Spencer Fox Eccles School of Medicine
39 Quantifying Olfactory Antagonism In Vivo: Preliminary Insights Using Two-Photon Imaging of Olfactory Sensory Neurons
Hayden Cheney; Matt Wachowiak; and Madison Herrboldt
Faculty Mentor: Matt Wachowiak (Neurobiology and Anatomy, University of Utah)
Olfactory sensory neurons (OSNs) are the primary sensory neurons responsible for detecting odor molecules expressing a vast array of odorant receptors (ORs), each tuned to respond to specific chemical structures enabling the perception of diverse odors1. In nature, odors are mixtures of molecules, leading to potentially complex interactions at the receptor, such as antagonism, which may influence downstream odor encoding. Odorant-driven antagonism occurs when an odorant receptor cannot bind with a ligand (agonist) because a similar molecule (antagonist) blocks the receptor binding pocket2. Previous work utilizing binary mixture in vitro assays in heterologous expression systems found robust evidence for antagonism in a class I receptor, which are tuned to carboxylic acids3.

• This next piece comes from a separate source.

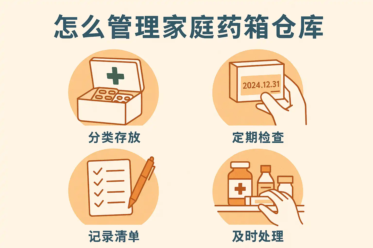 - 分类整理后,建议采用透明药箱或分隔盒,便于日常检查。

However, in vitro assays are removed from the biological system, so it remains unclear whether antagonism manifests in vivo. Therefore, the aim of this project was to test for evidence of odorant- driven antagonism in vivo at the level of OSNs. If antagonism occurs in vivo, we expect to see a decrease in the response of OSNs to an agonist when presented with an antagonist. We used two- photon imaging in awake, head-fixed mice expressing genetically encoded calcium reporters in OSNs to record responses to agonists, antagonists, and binary agonist + antagonist mixtures. Agonist and antagonist pairs were chosen based on previous in vitro antagonism experiments. During experimental trials, agonist and binary mixture (agonist + antagonist) presentations alternated to account for potential habituation, and mixtures were presented using a priming protocol with the antagonist presented by itself prior to the mixture. Our preliminary data yielded suggestive evidence that antagonism occurred in vivo with nonanoic acid and 2-bromohexanoic acid acting as antagonists for valeric acid and tiglic acid-responding OSNs, respectively. The findings of this study are preliminary and do not significantly conclude that antagonism occurs in vivo, so additional work is needed to understand how robust antagonism is in vivo. Identifying antagonism in vivo is the first step to disentangling how complex interactions at the receptor level influence odor mixture encoding.
Footnotes
1. Oka, Y., Omura, M., Kataoka, H. & Touhara, K. Olfactory receptor antagonism between odorants. EMBO J 23, 120–126 (2004).
2. Oka, Y., Nakamura, A., Watanabe, H. & Touhara, K. An odorant derivative as an antagonist for an olfactory receptor. Chem Senses 29, 815–822 (2004).
3. Fukutani, Y. et al. Antagonistic interactions between odorants alter human odor perception. Current Biology 33, 2235-2245.e4 (2023).